The OpenRouter integration is the architectural choice that makes this practical. Instead of managing API keys for Anthropic, OpenAI, Google, and xAI separately, you configure one OpenRouter key and select from their entire model catalog. This abstraction layer means experimenting with different council compositions (maybe three Claudes with different temperature settings, or a mix of frontier models) requires only configuration changes, not code changes.
Gotcha
The cost structure gets expensive fast. If you run a five-model council, you’re making five initial API calls, then five peer review calls (each receiving multiple responses as context), then one synthesis call (receiving everything). That’s 11 API calls per question, many with large context windows. With frontier models costing $10-15 per million tokens, a complex question could easily cost $0.50-$2.00. This isn’t a tool you’d use for casual queries or integrate into a high-traffic application.
The peer review anonymization, while clever, might not be robust against models recognizing their own writing styles. If Claude consistently structures responses with numbered lists and GPT-4 tends toward flowing prose, models could potentially identify authorship despite the anonymization. Karpathy acknowledges this limitation—the implementation prioritizes simplicity over cryptographic guarantees. For some use cases this matters; for others it’s fine if models have hints about authorship.

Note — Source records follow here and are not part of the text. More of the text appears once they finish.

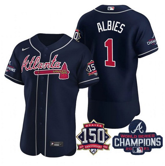Men's Navy Atlanta Braves #1 Ozzie Albies 2021 World Series Champions With 150th Anniversary Flex Base Stitched Jersey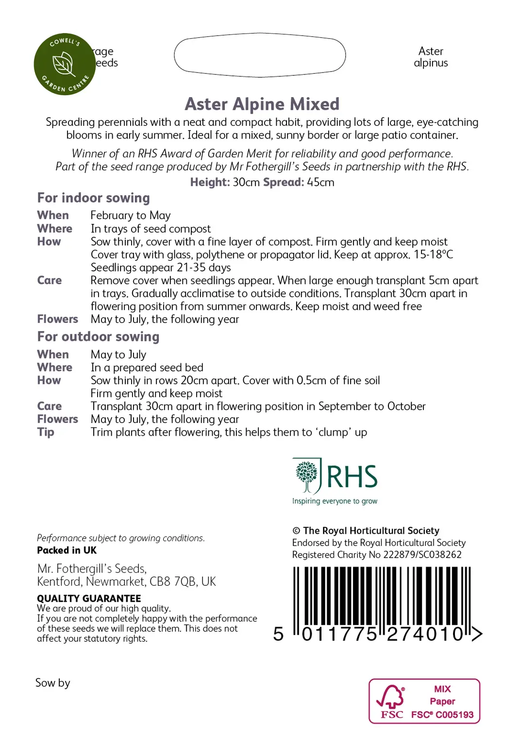 Write a review about "RHS Aster Alpine Mixed Seeds"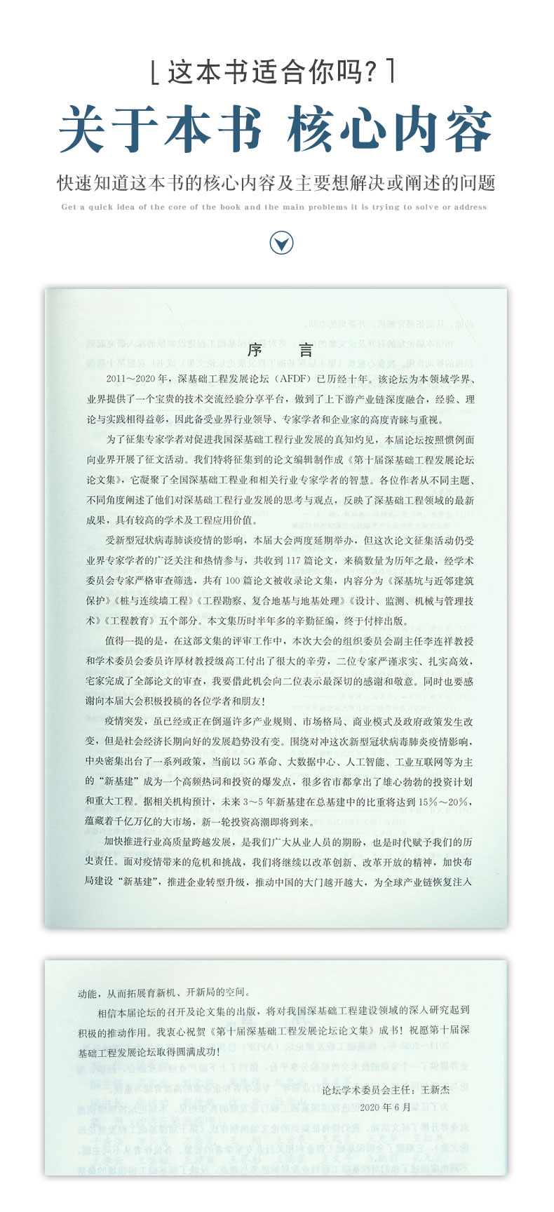 深基础工程发展论坛每年举办一次,已成为业内培养人才、促进学科进步、具有重要意义的行业论坛。本书共收录论文100篇,主要内容是深基础工程领域在理论研究、设计、施工、机械设备、试验检测等方面的发展和创新成果。这些论文大致反映了我国土木工程科技工作者近几年来在深基础工程上的研究成果与工程实践。具体包括深基坑与邻近建筑保护,地下连续墙工程,复合地基与地基处理,设计、监测、机械及管理技术等四大方面,这些论文提出的新观点、新思路和新方法,具有一定的学术价值和实用推广价值。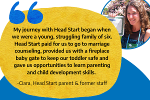 Last month, we put out a call for story submissions and received a total of 24 stories, each a testament to the remarkable impact of Head Start. We are deeply thankful for the willingness of all contributors to share their deeply personal, heartwarming, and inspiring anecdotes and experiences—be it attending, working at, or witnessing their children’s growth through Head Start. Discover Ciara’s inspiring Head Start journey here as she shares her experience enrolling her children in the program, receiving vital family assistance, and embarking on a career in early childhood education.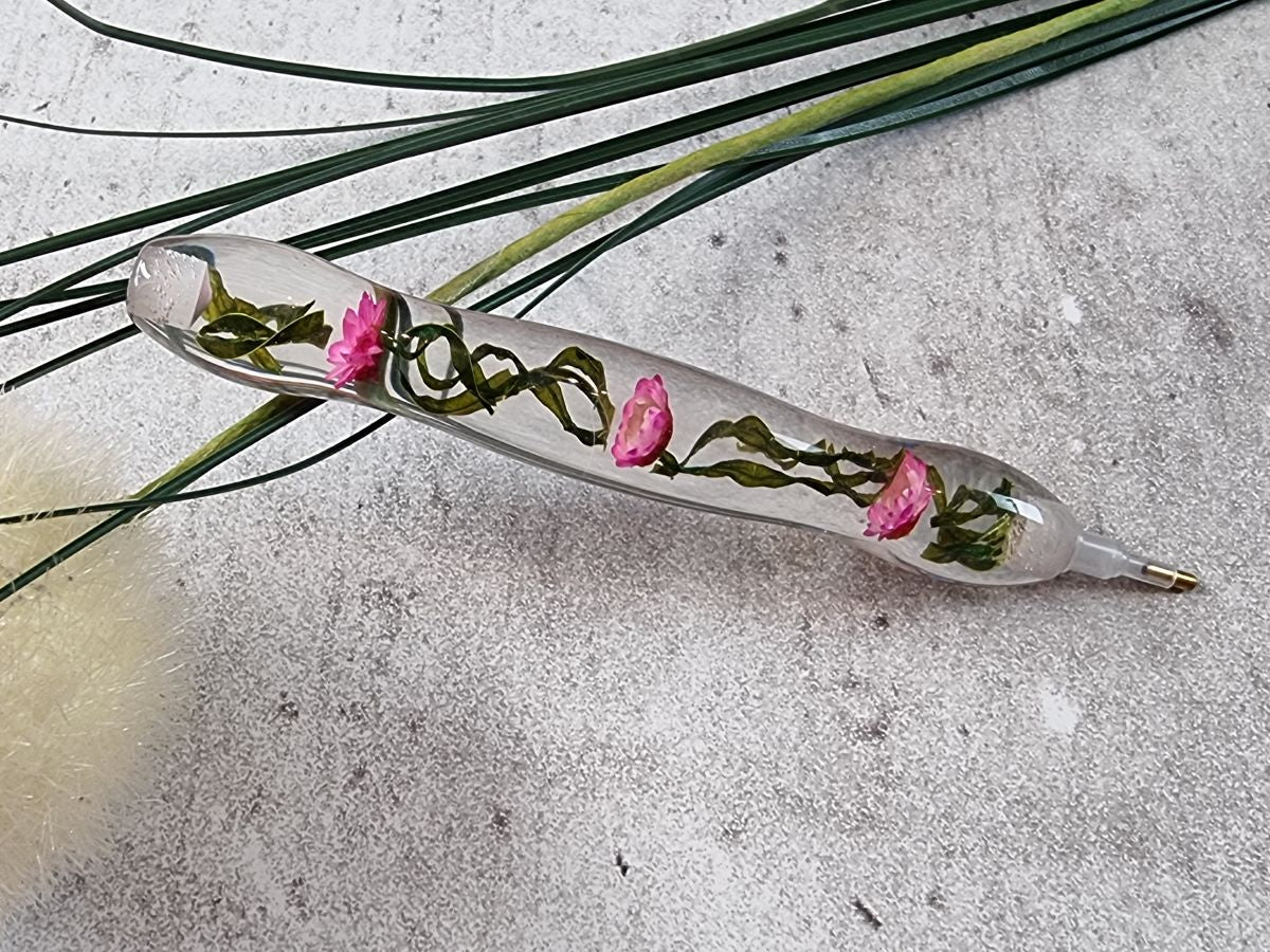 ergonomischer Diamond Painting Stift mit Blumen pink/grün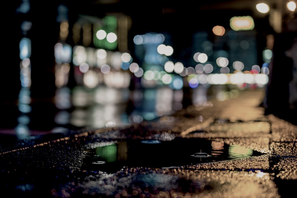 among dripping lampposts and the cars, turned off, parked in a row, one behind the other,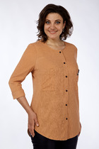 Блузка женская из поливискозной эластичной ткани. Перед цельнокроеный с нагрудными выточками и продольной бантовой складкой по центру. Ширина складки 5 см. Спинка разрезная из двух частей. В среднем шве спинки по горловине обработан разрез с застёжкой на навесную петлю и потайную пуговицу. Рукав втачной одношовный. Низ рукава обработан манжетой с застёжкой на пробивную петлю и декоративную пуговицу. Ширина манжеты 2,5 см.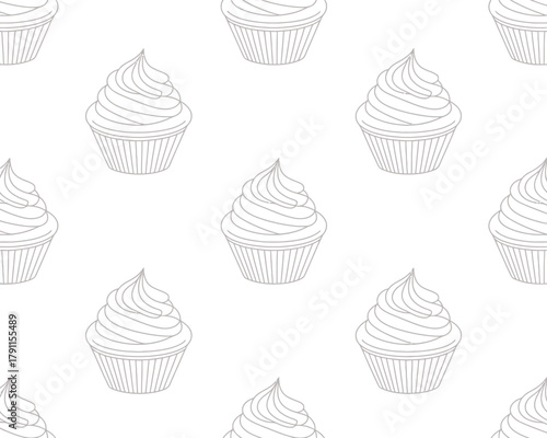 seamless pattern, cupcake, outline, frosting, graphic, design, muffin, bakery, dessert, sweet, food, repetitive, background, wallpaper, textile, cardboard box, vector, illustration, doodle, vignetting, simple, minimalist, cake, pastry, confectionery, wrapper, treat, white background, monochrome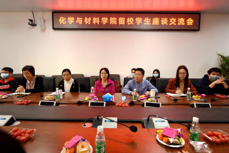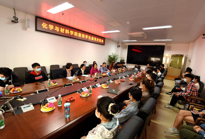 随后,学院召开了留校学生代表座谈交流会,听取10位本科生、20位研究生代表讲述他们的学习生活情况和假期安排,解答他们的疑问和困难,送上学院的慰问和关怀。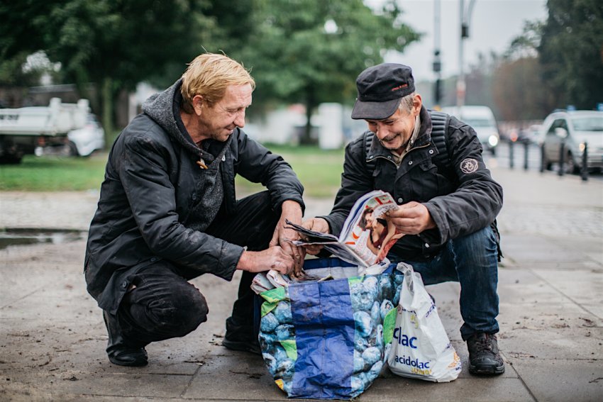 Po chwili nadchodzą kolejni klienci skupu. To 55-letni Grzegorz i o 2 lata młodszy Piotr. We dwójkę niosą torbę po brzegi wypchaną czasopismami. Na oko wyliczają, że będzie 15 kilo. Na skupie płacą 35 groszy od kilograma, czyli wyjdzie 5,25. Również niosą makulaturę z hasioków, czyli śmietników. Sugeruję, że wykonują pożyteczną pracę na rzecz miasta – No tak, sprzątamy na terenie.
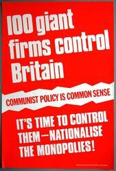 Scope and ContentPoster with the text: 100 giant firms control Britain. Communist Policy is common sense. It's time to control them - nationalise the monopolies. Published by the Communist Party.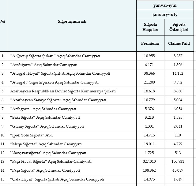 Müqayisə üçün qeyd edək ki, 2022-ci ilin yanvar-iyul dövründə Azərbaycanın sığorta şirkətləri tərəfindən 580 milyon 501 min manat sığorta haqları hesablanmış, 241 milyon 128 min manat sığorta ödənişləri həyata keçirilmişdi.
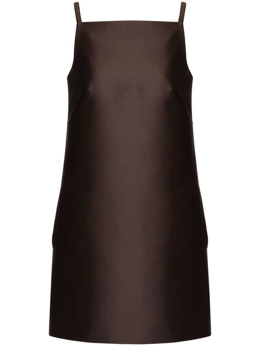 Square-neck silk minidress featuring chocolate brown, silk, square neck, spaghetti straps, concealed rear zip fastening and full lining.

Most importantly, this is explicitly a reference implementation, not a supported product. The README warns: “This is a weekend project provided as-is for inspiration. Don’t expect updates, bug fixes, or responses to issues.” If you’re not comfortable reading and modifying Python/React code yourself, you’ll struggle when something breaks or when you need features that don’t exist. There’s no authentication system, no rate limiting, no error recovery beyond basic try-catch blocks. It’s vibe coding—functional enough to be useful, minimal enough to understand, but definitely not production-grade infrastructure.
Verdict
Use if: You’re tackling research questions, architectural decisions, or creative work where cross-validation genuinely adds value and you’re comfortable with the API costs. You should be a developer willing to fork and customize the code, because that’s the entire point—this is a starter kit, not a SaaS product. It’s perfect for consultants billing clients for high-quality analysis, researchers exploring complex technical questions, or teams making expensive technology decisions where spending $2 on LLM consensus beats spending $2000 on the wrong choice. Skip if: You need production reliability, user authentication, or cost efficiency. Skip if your questions are routine enough that a single model suffices—most queries don’t benefit from deliberation. Skip if you’re not prepared to maintain and extend the code yourself, because community support will be minimal. For casual multi-model comparison without customization, just use Poe.com’s multi-bot chat feature instead.